Does $\pi$ satisfy the law of the iterated logarithm?

It is widely conjectured that $\pi$ is normal in base $2$.

But what about the law of the iterated logarithm?

Namely, if $x_n$ is the $n$th binary digit of $\pi$, does it seem likely (from computer experiments for example) that the following holds? $$\limsup_{n\rightarrow\infty} \frac{S_n }{\sqrt{n\log\log n}}=\sqrt{2}\quad\text{where}\quad S_n=2(x_1 + \ldots + x_n) - n$$

What about other (conjectured) normal numbers like $e$ and $\sqrt{2}$?
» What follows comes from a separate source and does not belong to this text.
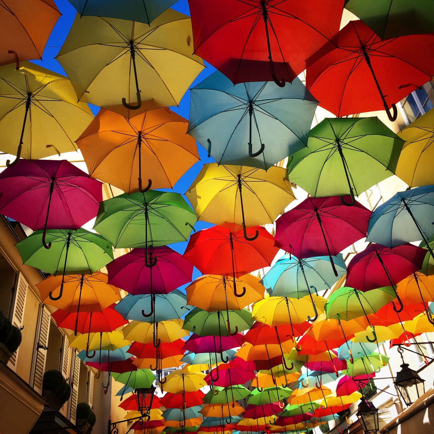 I happened across the most fabulously random little gem whilst walking through the 8th arrondissement this morning: a side street with a ‘ceiling’ of suspended umbrellas. Real ones.

I am sorry if this is too easy, but I tried to search for it and I could not find in on the Internet. I suppose I could run an experiment myself, but I assumed this is well known, and I would need to brush up on my programming skills to do so...

Update 8/9/2013:

I found a website with the first 32,000 binary digits of $\pi$ and (using a spreadsheet program) graphed out the average of the bits $S_n/n$, comparing it to $\sqrt{\frac{2 \log \log n}{n}}$. The results were inconclusive. The average never got close to $\sqrt{\frac{2 \log \log n}{n}}$ (except at the very beginning when it was way past it). However, I had the same result with a source of randomness (the one built into the spreadsheet program). My conclusion is that 32,000 bits is not enough to see if the law of the iterated logarithm (experimentally) holds for $\pi$. (The picture in the Wikipedia article uses at least $10^{50}$ bits, and the pattern is clear at about $10^{12}$ bits. However, I don't know where to get even 1,000,000 binary digits of $\pi$ on the Internet.

[End Update]


Also, I am sorry that I really don't know how to properly tag this.


Solution 1:

I favourite'd this two years ago and recently stumbled upon it again. Here's some code I wrote to answer this numerically.

enter image description here

  • The dotted line is $\sqrt{2 \log\log n/n}$
  • The solid line is $S_n/n$
  • $S_n = 2 \sum_{k=1}^n x_k - n$ where $x_k$ is the k-th decimal digit of Pi in binary.

You should be able to zoom in by running the code. You'll need matplotlib and numpy. I used y-cruncher to generate the digits.